Alexis raises two interesting points: 1) Could better architecture and design actually help to quash NIMBY sentiment and 2) are we really not designing and building like we used to?
I’ll start with number two.
I am not that familiar with the “design classics” that Alexis mentions above, but it just so happens then when I was watching Never Too Small over the weekend I came across this studio apartment in the Barbican Estate.
Designed by Chamberlin, Powell and Bon in the 1960s, the Barbican is a residential complex with somewhere around 2,000 apartments. It’s considered a prominent example of British brutalist architecture and so most of it is listed.
While certainly noteworthy, it strikes me that it is likely one of those pieces of architecture that designers and architects love (I like it), but that the general public dislikes. In fact, architect Witold Rybczynski once argued that, “if people don’t hate it, it can’t be Brutalist.”
Brutalism is having a bit of a renaissance.
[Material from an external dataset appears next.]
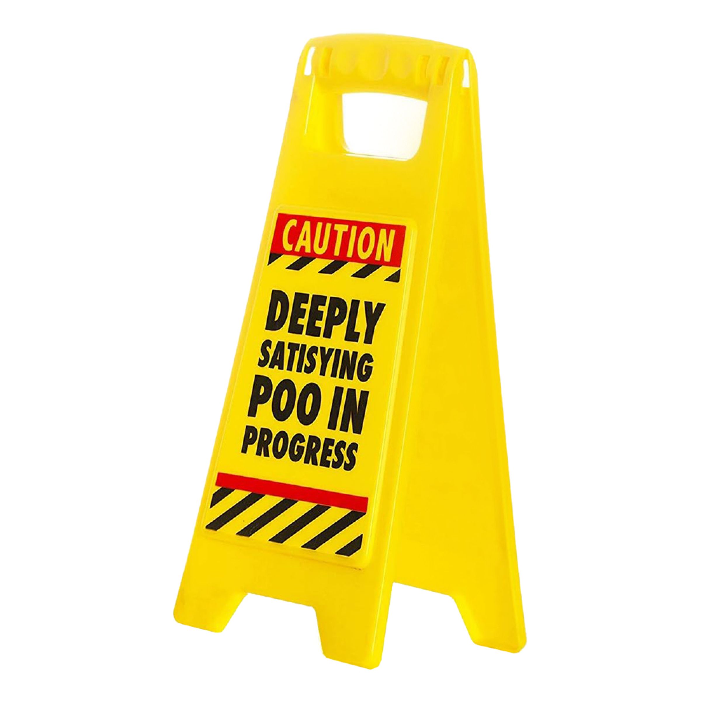 Varningsskylt Satisfying Poo är en gul varningsskylt som kommer med texten "Deeply satisfying poo in progress" på ena sidan, och "Give it 10 minutes" på andra. Perfekt att använda som kontorsprank eller när du vill helt enkelt vill varna din omgivning!

Kind of. But I don’t think we’re anywhere near universal appreciation. So I wonder if the general public really views these “design classics” as being some sort of golden era of British architecture and development.
I also think, and I have argued this before on the blog, that buildings sometimes take time to settle in. From Montreal to Stockholm, our perceptions have been shown to change. The things we disliked before suddenly become desirable.
Which means it can be hard to tell if we objectively dislike something (we’re not building like we used to) or if it’s simply not old enough for us to starting appreciating it. Beauty also happens to be a kind of subjective thing when it comes to buildings. Turns out we’re better at assessing whether people are good looking.
This is probably a good time to come back to point number one: Could better architecture help quash NIMBYism?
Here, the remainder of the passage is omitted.